Tamara fedele alla tradizione, dunque, seppur riletta e rimpaginata per mezzo di una bagaglio creativo sostanzialmente inesauribile e di immediata grazia. Se in “Rose” si limita a riproporre il piano d’appoggio come da manuale, in “Una rosa”, si è spinta oltre, stavolta, immaginando lo stesso nell’insolita veste di scatolina (forse lignea o, perché no, cartonata) ricoperta da una leggera velina rosata di cui riporta persino la piega dell’angolo. I petali rosso-rosato di cui si vestono le due rosaceae sono manti di seta traslucidi di linee morbide e sinuose, sotto le quali si muove un corpo che pulsa di passione e ravviva ogni diletto umore.
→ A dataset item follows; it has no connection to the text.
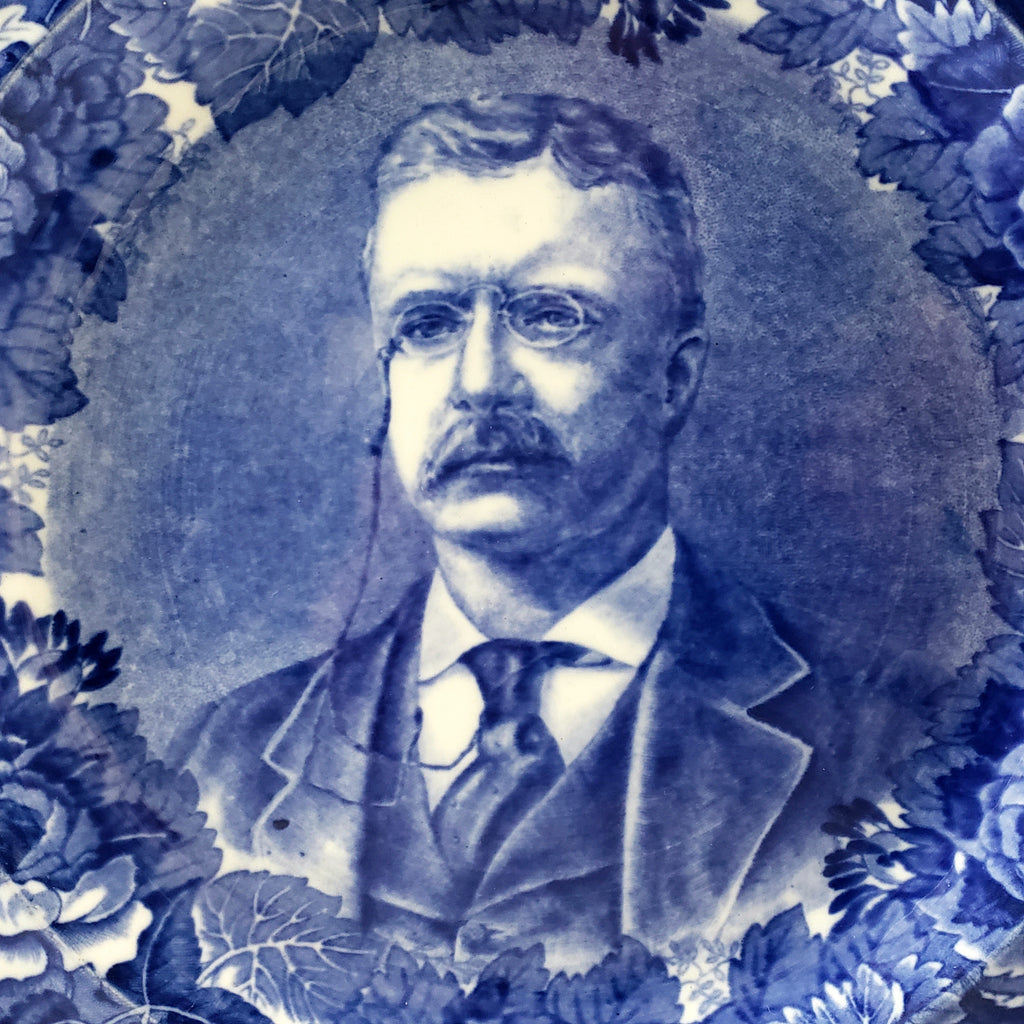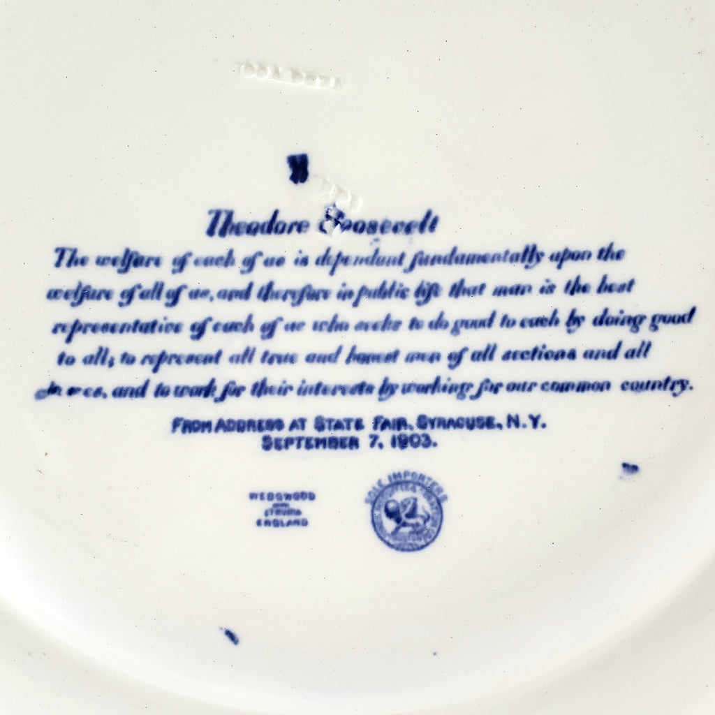 Description: This Historical Blue Commemorative Plate depicting Theodore Roosevelt captures a moment in American history with stunning artistry. Crafted by Wedgwood in Staffordshire, England and imported by Jones, McDuffie & Stratton, Boston, Massachusetts, this commemorative plate features a central image of a cobalt blue transfer-printed bust portrait of Theodore Roosevelt. The inner edge showcases an ornate floral and leaf pattern with a thin geometric band. The back is a printed text from Theodore Roosevelt’s address at the State Fair in Syracuse, NY on September 7, 1903. A special addition for your historical plate collection or anyone seeking an authentic conversation piece about American history.

È un’ode sopra il suo nome, Rosalia, il cui significato etimologico è “corona di rose”; è un’ode sopra il simbolo di Venere, dea dell’amore, già cantato da Anacreonte tra il VI e il V sec. a.C.

Oggi vogl’io col canto

Lodar la rosa estiva,

E la stagion che avviva

L’erba novella e il fior.

Tu, mio tesoro, intanto,

Il canto mio seconda,

E facile risponda

A’ nostri carmi Amor.

Per l’odor suo gentile

Questo vermiglio fiore

È degli Dei l’amore.

Degli uomini il piacer.

E ognor che riede Aprile,

Le Grazie verginelle

Ornan di rose belle

Il vago crin leggier.

D’Amor la Genitrice

Sembra più bella in Cielo,

Se mai fra il roseo velo

Mostra l’eburneo sen.

Fin sull’Ascrea pendice

L’educan le Camene:

De’ canti d’Ippocrene

Soggetto ognor divien.

È dolce a chi raccoglie

Le rose porporine,

Sebben le ingrate spine

Gli pungano la man:

E a chi le molli foglie

Fra palma e palma asconde

Più grato odore altronde

Aspetta forse invan.

Si spargono le cene

Di rose delicate,

E son così più grate

Le rose al saggio ancor.

E quando il tempo riede

Sacro al buon Dio Tebano,

Si versa a piena mano

Nembo di rose allor.

Senza le vaghe rose,

Qual cosa è mai gradita?

Colle rosate dita

L’Alba colora il dì.

Le Najadi vezzose

Di rose hanno le braccia;

Di rose il sen la faccia

Venere ha pur così.

Ch’è di ristoro a’ mali

La rosa io so per prova,

E che incorrotti giova

Gli estinti a conservar.

Invan spiegando l’ali

Va il tempo sul suo verde,

Ch’ella l’odor non perde

De’ giorni al trapassar.

Or sull’istessa cetra

Io ridirò cantando,

Com’ella nacque, e quando

Già dal terren spuntò.

Quel dì, che in faccia all’etra

Sulla cerulea culla

Venere ancor fanciulla

L’onda del mar mostrò,

Quel dì, che Giove, armata,

Spettacolo giocondo,

Espose al Cielo al Mondo

La Diva del saper,

Allor si vide ornata

La terra del bel fiore,

Ch’è degli Dei l’amore

Degli uomini il piacer.

Allora i Numi a gara

La pianta avventurosa

D’ambrosia rugiadosa

Presero ad irrigar:

E al buon Lièo sì cara,

La rosa porporina

Sulla nativa spina

Si vide germogliar.

(Anacreonte, “Sopra la rosa”, Ode LIII)

Quest’atto di alta poesia sarà traslato in altre nature morte in cui le rose lasceranno il posto alle calle bianche di trasparenza vitrea entro vasi di cristallo, dalle medesime qualità trasparenti, accostati a una cornice lignea dorata con foto in bianco e nero e con una tenda rossa drappeggiata sullo sfondo. Qui, Tamara ripropone le sensuali sinfonie di rossi, verdi e bianchi già abilmente composte nei ritratti di modelli degli anni Trenta (e di cui si dirà nella parte settima).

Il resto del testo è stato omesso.